Other Commitments -  We have material power supply commitments that are discussed in detail under the captions "Power Contract Commitments and Related Risks" and "Power Supply Expenses." We also own an equity interest in VELCO, which requires the Company to contribute capital when required and to pay a portion of VELCO’s operating costs, including its debt service costs.

ITEM 3. Quantitative and Qualitative Disclosures About Market Risk and Other Risk Factors
Future Outlook - Competition, Legislation and Restructuring - The electric utility business continues to experience rapid and substantial changes. These changes are the result of the following trends:

·  
disparity in electric rates, transmission, and generating capacity among and within various regions of the country;
·  
improvements in generation efficiency;
·  
increasing demand for customer choice;
·  
consolidation through business combinations;
·  
new regulations and legislation intended to foster competition, also known as restructuring;
·  
changes in rules governing wholesale electricity markets; and
·  
increasing volatility of wholesale market prices for electricity.

Vermont is the only state in the New England region that has not adopted some form of electric industry restructuring. The Vermont legislature enacted a bill that would impose renewable portfolio standards ("RPS") on Vermont electric distribution utilities. The bill currently contemplates that, effective January 1, 2013, distribution utilities will be required to supply all load growth for 2005 - 2013 with "renewable" energy supply, as defined in the bill. The bill provides the alternative that if in-state renewable generation sufficient to supply statewide load growth for 2005 - 2013 becomes operational before 2012, and if Vermont distribution utilities acquire the output of these facilities, the RPS requirement would be avoided.

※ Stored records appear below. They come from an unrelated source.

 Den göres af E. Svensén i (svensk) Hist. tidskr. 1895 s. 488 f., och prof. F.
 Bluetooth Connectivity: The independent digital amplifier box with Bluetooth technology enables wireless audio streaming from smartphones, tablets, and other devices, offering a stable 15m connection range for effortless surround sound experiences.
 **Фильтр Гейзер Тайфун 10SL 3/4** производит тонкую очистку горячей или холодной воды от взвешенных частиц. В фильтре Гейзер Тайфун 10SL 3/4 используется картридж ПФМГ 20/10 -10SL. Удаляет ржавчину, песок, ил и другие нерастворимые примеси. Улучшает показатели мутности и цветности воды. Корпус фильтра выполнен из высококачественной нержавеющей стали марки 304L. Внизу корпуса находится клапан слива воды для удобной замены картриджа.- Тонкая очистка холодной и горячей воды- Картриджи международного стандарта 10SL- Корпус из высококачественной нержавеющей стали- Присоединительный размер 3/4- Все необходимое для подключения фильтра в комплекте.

Power Contract Commitments and Related Risks
A primary factor affecting future operating results is the volatility of the wholesale electricity market. Periods frequently occur when weather, availability of power supply resources and other factors cause significant differences between customer demand and electricity supply. Because electricity cannot be stored, in these situations the Company must buy or sell the difference into a marketplace that has experienced volatile energy prices. Volatility and market price trends also make it more difficult to extend or enter into new power supply contracts at prices that avoid the need for rate relief.

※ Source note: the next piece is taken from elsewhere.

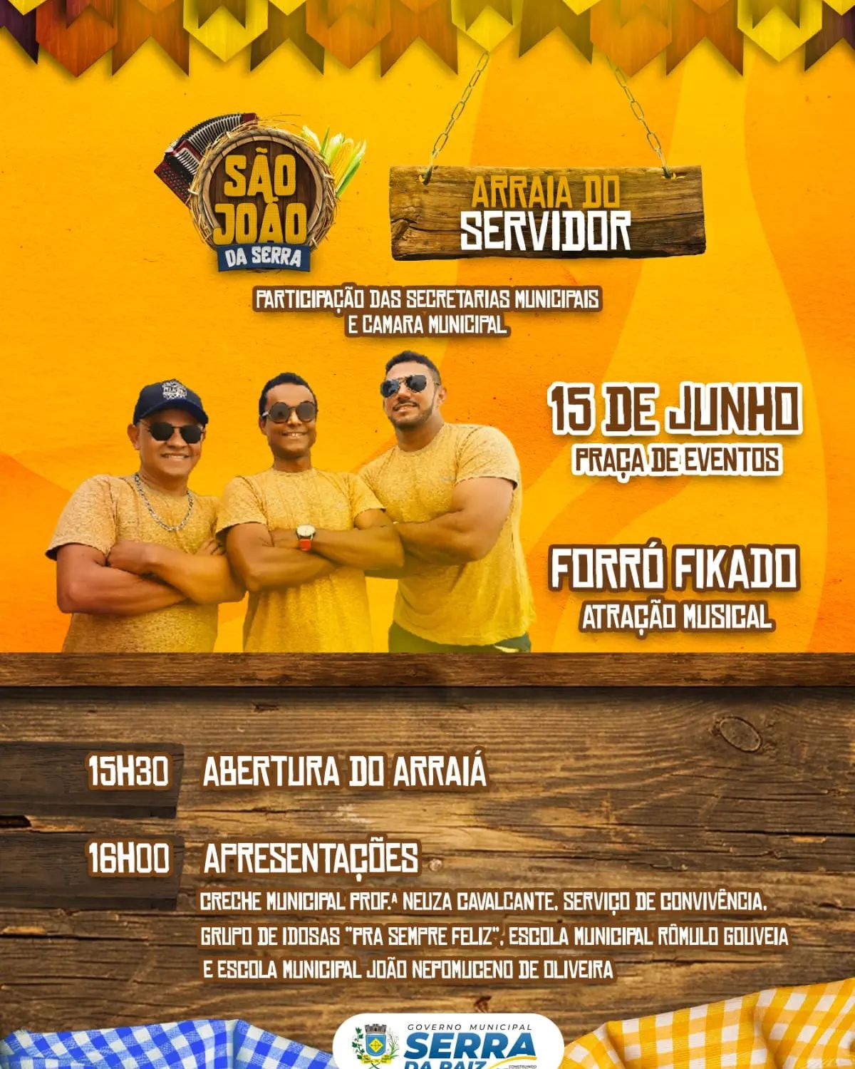 Na quarta-feira (15) teremos o Arraiá do Servidor dentro da programação do São João Mais Aconchegante da Paraíba, realizado pela gestão municipal.

We have developed a power supply portfolio that meets approximately 90 percent of our estimated customer demand ("load") requirements through 2006. Our power supply contracts and resources significantly reduce the Company's exposure to volatility in wholesale energy market prices.

Vermont does not have a fuel or purchased-power adjustment clause that would allow increases in power supply costs to be recovered immediately in the rates we charge customers. Historically, however, the VPSB has allowed electric utilities to defer material unexpected increases in power supply costs to future periods to permit recovery in future rates. Vermont law also allows electric utilities to seek temporary rate increases if deemed necessary by the VPSB to provide adequate and efficient service or to preserve the viability of the utility.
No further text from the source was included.